Lourdes Figueroa, '13

Lourdes Figueroa, '13

October 25, 2013
Recent grad brings second art exhibition to life

By Jess Dankenbring, ’17

Growing up in El Salvador, Lourdes Figueroa, ’13, often found her father pushing her into business and other practical studies that he believed would get her a job after college.

Figueroa instead chose to press on as an art history and Russian studies double major, and she’s been successful academically. She was given the 2013 Philip Frederick, Jr. Memorial Award in Art History and was named a 2013 Outstanding Senior Major in Modern Literatures and Cultures.

But the decision to pursue art was one that weighed on her somewhat, especially when she thought of the home she left behind in El Salvador.

“When I go back home for Christmas and people ask me what I’m doing, I tell them ‘Oh yes, I’m doing art history and I worked in a museum over the summer and I want to hopefully get a PhD in art history,’” she says. “People are like, ‘Why? You’re going to starve. You won’t ever get a job.’ So I guess there’s always that in the back of my mind, but it also makes me appreciate art because that’s not really instilled back home in our schools.”

Then this past summer, Figueroa received the 2013 Harnett Research Fellowship, part of the UR Summer Fellowships program, which gave her the chance to assist in organizing the exhibition “Clare Leighton: From Pencil to Proof to Press,” her second with University Museums.

“My first exhibit was a Russian-Jewish artist, Felix Lembersky, so it was all oil paintings, and this one is all wood engravings. So the medium that was used was very different,” she says.

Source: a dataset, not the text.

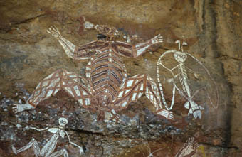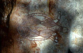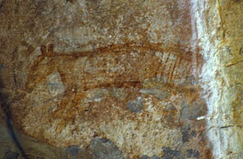 An den Felswänden ( hier des Nourlangie-Fels ) finden sich noch häufig die bis zu 20 000 Jahre alten Zeichnungen der Aborigenes. Die Farben wurden aus zu Pulver zerstossenen Mineralien hergestellt, die anschließend mit Harzen vermischt wurden. ( rot-Hämatit, gelb-Limonit, weiß-Tonerde, schwarz-Holzkohle ) | |

Figueroa was directly involved as a research fellow and assisted on the project by taking part in meetings, writing panels, and conducting any other necessary research for the exhibition.

“A lot of the prints that we had didn’t have the dates so we didn’t know where they came from. I had to go through a lot of the books Clare Leighton illustrated, almost like a scavenger hunt, and see where everything goes,” she says.

Figueroa’s deeper involvement in the decision-making process for Leighton allowed her to see all of the moving parts of putting together an exhibition. She says her work on the Lembersky exhibition, along with her art history classes and thesis, helped with the planning and attention to detail needed along the way.

“I never thought about all the work that goes into it,” she says. “There’s so much planning, laying out how the exhibition will look, or coming up with the list of all the objects and all the information with the dates and the publication. For a long time, it seems very passive and like nothing’s happening but when it actually opens, you see the exhibition put together.”